Nothing is easier to neglect or put off than prayer. Yet, the fact of the matter is, you can get to heaven without answering the phone or washing the breakfast dishes by eight. What you can't do is get to heaven without prayer. Arthur W. Pink said somewhere,

"A prayerless Christian is a contradiction in terms. What breath is to the body, prayer is to the soul. The body without breath is dead and the soul without prayer is also dead".

Most people are ruled by circumstances. As disciples of Christ, we're to submit to a higher Lordship. If prayer is more important than other things, you ought to arrange your time as though it is.
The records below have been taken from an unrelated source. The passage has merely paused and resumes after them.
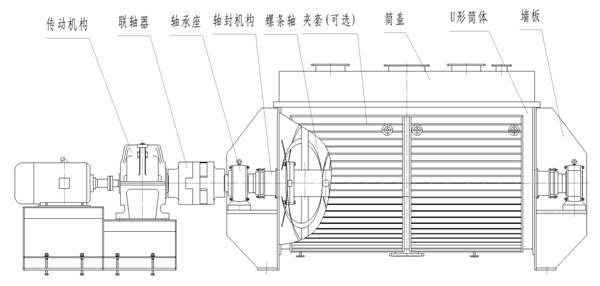 HTM型螺條式混合機結構如圖所示,它有傳動部件、筒體、筒蓋、特殊布置的螺條主軸、出料閥等組成。
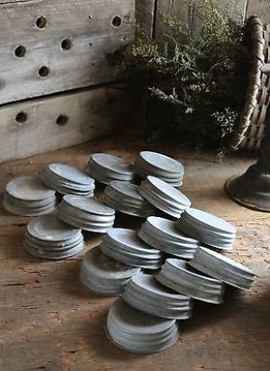 Lot of 16 Old Vintage ZINC Porcelain Lined Mason Jar Lids Small Mouth
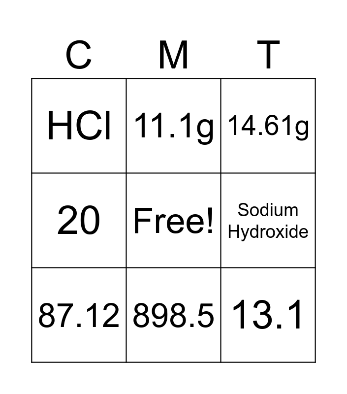 This bingo card has a free space and 8 words: Sodium Hydroxide, 14.61g, 11.1g, 87.12, HCl, 13.1, 20 and 898.5.
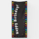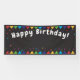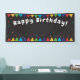 Banderole d'anniversaire joyeuse pour toile de fond photo ou fête d'anniversaire virtuelle. Des colonnes triangulaires aux couleurs vives, en haut et en bas, ainsi que des confettis et des étoiles éparpillés autour du texte sur un arrière - plan noir, font une déclaration festive.

When other things barge into your prayer time-and take it over-Luther says it won't be long till you're weaned from it. That is, like a baby gets used to not having his mother's milk-and then doesn't want it-so the believer gets used to not praying-and soon finds it a burden or a chore and pretty much gives it up.


The last thing we'll touch on tonight is the devil's work in hindering our prayers. Luther knows that we're prone to get sluggish and lazy in our devotion, but then reminds us that "The devil is neither lazy nor sluggish around us".
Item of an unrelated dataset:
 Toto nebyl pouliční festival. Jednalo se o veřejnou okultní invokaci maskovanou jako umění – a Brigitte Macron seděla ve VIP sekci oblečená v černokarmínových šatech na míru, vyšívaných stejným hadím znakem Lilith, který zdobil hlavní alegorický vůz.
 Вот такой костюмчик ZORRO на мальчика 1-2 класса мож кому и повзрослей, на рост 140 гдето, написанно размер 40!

Have you ever tried to box? I did once-and I sure didn't' like it. Training was hard, but sort of fun. Jumping rope, hitting the bag, shadow boxing, and so on. But the reason these things were fun-I found out later-is because I had no opponent. My left jab and right uppercut are very impressive when there's no one punching back!

But when I got in the ring I found boxing far less fun and a lot more painful! Somebody else was hitting back!

Apply this to your prayer life: If there were no one there to oppose you, it would take little effort to pray. I suppose Adam and Eve found praying as easy as breathing or eating or sleeping or other things we do every day. But there is someone there to oppose you-Satan! He does everything in his power to get you to put off prayer (intending to do it later) or to mumble through your prayers without thought, love, or faith or to start thinking of other things when you're at your devotions.

I hate yard work! Yet I've found that the minute I start praying seriously, it occurs to me that the lawn needs mowing! The devil is behind this!

If Satan is trying to keep you from praying, you need to do what? You need to resist him and that takes real, concentrated effort.


Martin Luther was a Doctor of Theology. He knew the Bible in Greek and Hebrew; he was an expert in doctrine, and well-trained in Church History. But when he told his barber how to pray, he went to his own example. This is how he prayed. And Luther was one of the Church's greatest men of prayer. What did he think was key to a good prayer life? Thus far, we've looked at three things, things easy to remember and things you ought to put into practice-starting tonight! They are:

So, how's your prayer life? If it's not so good, why don't you learn from a man who prayed well? Follow Dr. Luther as he follows the Lord. And the love of God be with you. Amen.